In the opening / closing operation means of the embodiment of the present invention, the inclination angles of the upper rib 711 and the lower rib 712 of the operation member 71 can be made different.
More specifically, when the urging force to the closed state is applied to the shoji 2, the inclination angle of the upper rib inclined portion 711 a of the upper rib 711 is changed as shown in FIG. 9. By making it larger than the inclination angle of the lower rib inclined part 712a (increasing the inclination), the operating force when operating from the free movable state of FIG. 9C to the fully open state of FIG. 9E. Can be made smaller (lighter) than the operating force when operating at the time of closing in FIG.
On the contrary, when the urging force to the open state is applied to the shoji 2, the inclination angle of the lower rib inclination part 712 a of the lower rib 712 is changed to the inclination angle of the upper rib inclination part 711 a of the upper rib 711. Also, the operating force when operating from the free movable state to the closed state can be made smaller (lighter) than the operating force when operating to the fully open state.
As described above, since the operation member 71 is composed of two upper and lower ribs, the operation force for opening and closing can be individually adjusted according to the natural ventilation window.
Further, as seen in the lower rib of FIG. 10, for example, by changing the inclination angle of the inclined portion of the rib in the middle, the inclination of the inclined portion with which the opening / closing operation pin abuts immediately before closing which requires relatively operating force. The operating force can be changed even in the closing operation, for example, by increasing the angle.

Further, in the opening / closing operation means of the embodiment of the present invention, two opening / closing operation pins 72 provided on the rotary arm 3 can be provided.
Specifically, as shown in FIG. 10, the rotary arm 3 is provided with a first opening / closing operation pin 72a and a second opening / closing operation pin 72b above the first opening / closing operation pin 72a.

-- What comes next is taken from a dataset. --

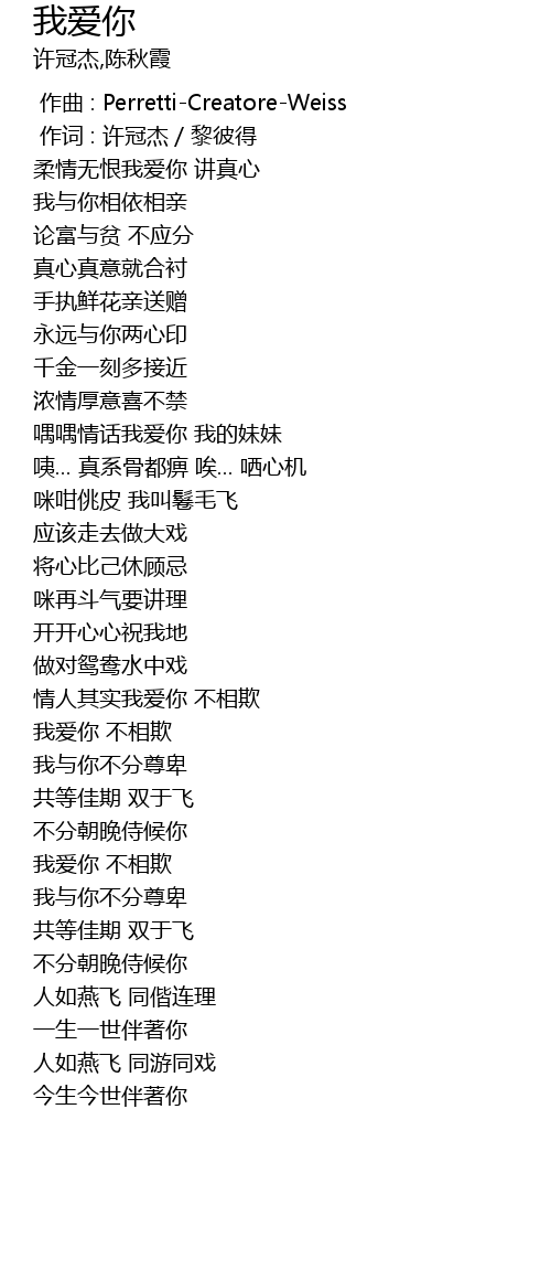 | [01:35.37] | 情人其实我爱你 不相欺 |

Accordingly, a second upper rib inclined portion 711c and a second upper rib vertical portion 711d with which the second opening / closing operation pin 72b abuts are formed on the indoor side (upper surface) of the upper rib 711 of the operation member 71.
Further, as shown in FIG. 11, the inclined portion 712a of the lower rib 712 is formed in a curved shape, and as shown in FIG. 12, both the inclined portions 711a and 712a of the upper rib 711 and the lower rib 712 are formed in a curved shape. You can also
By making the inclined portion curved, the first opening / closing operation pin 72a and the second opening / closing operation pin 72b can be smoothly moved along the curved shape.
As described above, by providing the two opening / closing operation pins, the rotation state of the rotating arm 3 in the closed state can be maintained by using the second opening / closing operation pin 72b located at a position relatively distant from the rotation center of the rotating arm 3. Since it can be performed, the closed state can be reliably maintained.

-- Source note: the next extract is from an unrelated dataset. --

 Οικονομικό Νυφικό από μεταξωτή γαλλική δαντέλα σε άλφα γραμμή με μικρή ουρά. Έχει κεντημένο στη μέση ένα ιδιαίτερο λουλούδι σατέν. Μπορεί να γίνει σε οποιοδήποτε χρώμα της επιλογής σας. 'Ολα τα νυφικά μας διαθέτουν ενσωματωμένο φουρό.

By using the operation member 71 shown in FIG. 13, a reliable closing operation can be performed with a light operation even during the closing operation. This will be specifically described below.
When the operator operates the operating means and operates the operating member 71 upward from the free movable state shown in FIG. 13A, first, the first opening / closing operation pin 72a contacts the lower rib inclined portion 712a of the lower rib 712. In contact therewith, the rotating arm 3 is rotated in the closing direction as shown in FIG. When the operation member 71 is further operated upward, the second opening / closing operation pin 72b is moved to the indoor side of the upper rib 711 of the operation member 71 as shown in FIG. 13C, and the second opening and closing operation pin 72b is moved as shown in FIG. The open / close operation pin 72b contacts the second upper rib inclined portion 711c of the upper rib 711.
In the subsequent upward movement of the operation member 71, the force applied to the first opening / closing operation pin 72 a by the lower rib inclined portion 712 a of the lower rib 712 and the second upper rib of the upper rib 711 are applied to the rotary arm 3. The shoji 2 can be closed by the force applied to the second opening / closing operation pin 72b by the inclined portion 711c.

  Therefore, by providing two opening / closing operation pins 72 for the rotary arm 3, as shown in FIG. 10, the operation member 71 acts on the first opening / closing operation pin 72a in the same manner as in FIGS. As shown in FIG. 13, the shoji 2 is also closed by the closing force with respect to the second opening / closing operation pin 72b that is separated from the first support shaft 31 during the closing operation, as shown in FIG. Therefore, the force required for the closing operation is reduced, and the closed state can be reliably maintained by the two pins.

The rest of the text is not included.